Ingram Micro has sold its Unix division in the UK because it was not meeting expectations.
The unit, which supplied Hewlett-Packard (HP) 9000 and IBM RS/6000 and AS/400 mid-range servers, has been sold to German distributor Magirus for an undisclosed sum, along with Ingram's Unix operations in Belgium and Italy. Ingram has retained its Unix divisions in France, Denmark, Sweden and Spain.
Meinie Oldersma, managing director at Ingram Micro UK, said the distributor had been unable to justify investment in the unit after HP dropped Ingram as a supplier of its 9000 servers last November.
Ingram's problems were compounded by IBM's move to supply more users and resellers directly; its failure to provide small resellers with business development instead of just selling them kit; a decline in Unix sales; and the intense margin pressure in the mid-range server space.

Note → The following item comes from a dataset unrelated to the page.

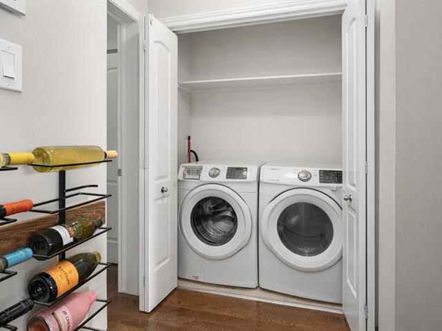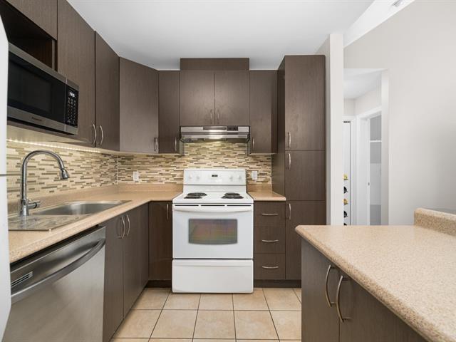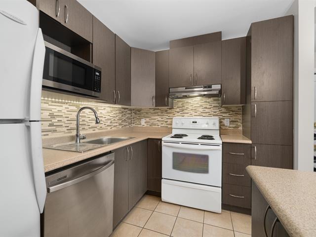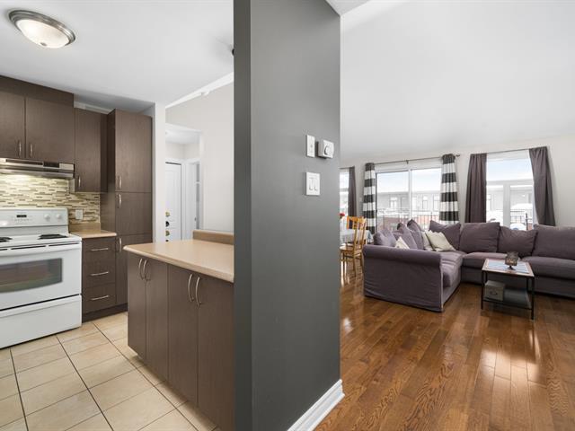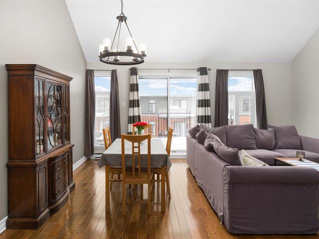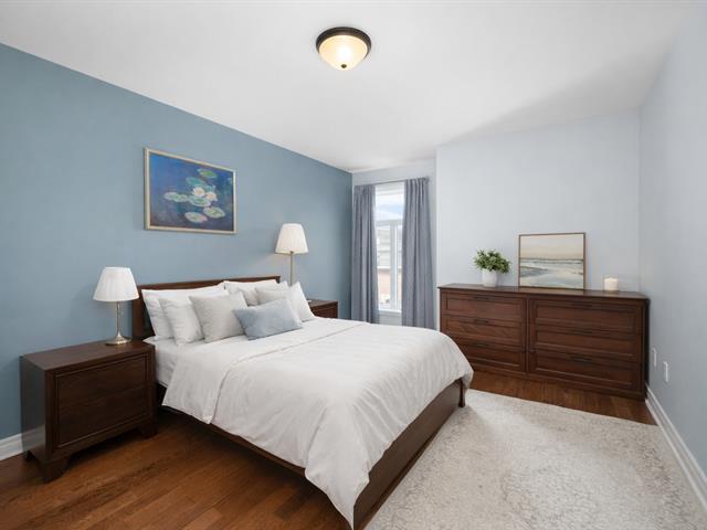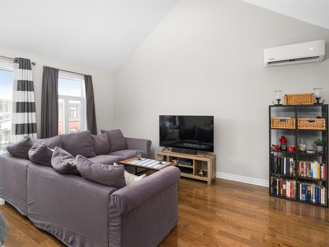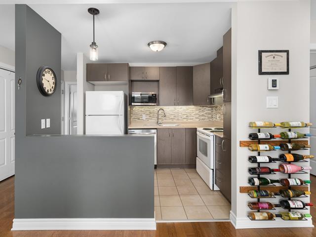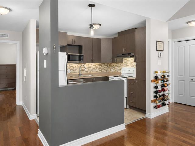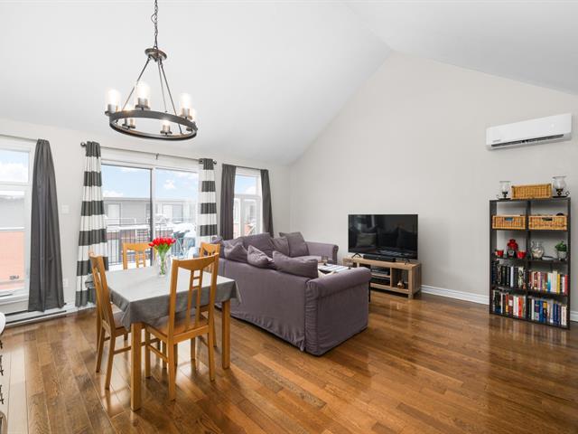 Top floor unit with cathedral ceilings, this stunning 2 bedroom condo in the sought after Espace MV project in Dorval South East features a large private balcony perfect for sunny days. Filled with natural light, this open concept layout offers a spacious and airy living area with a well designed kitchen that flows seamlessly into the main space. The high ceilings create an impressive sense of volume and comfort. The unit also includes a large bathroom with separate bath and shower, air conditioning, indoor parking, and a private storage space. Owners also benefit from exclusive access to Club Espace with gym and lounge area. (40366257)

Resellers will experience little upheaval because Magirus has retained Ingram's entire Unix team and has leased offices from Ingram. Magirus is also giving resellers the same credit terms and limit as they had received from Ingram, Oldersma added.
Joel Pitt, an analyst at investment bank Credit Suisse, said the sale made sense. "Ingram didn't have a big slice of that market. I don't know how much it invested in it, but it wasn't getting a lot in there."
However, Bob Bennett, enterprise solutions group general manager at Ingram Micro, insisted the distributor was committed to Unix in the US.
He insisted that Ingram had no plans to sell its enterprise solutions group, and claimed the unit was one of Ingram's fastest-growing operations in the US.
"You have to realise market conditions in Europe are so different from those in the US," said Bennett. Ingram is not a big player at all in Europe. The company's volumes in Unix were small.
"There are a lot of players in the server market and Ingram did not have a lot of focus."
The enterprise solutions group generated turnover of just under $1bn (£653.4m) in 1999 and is expected to achieve turnover of between $1.4bn and $1.5bn this year.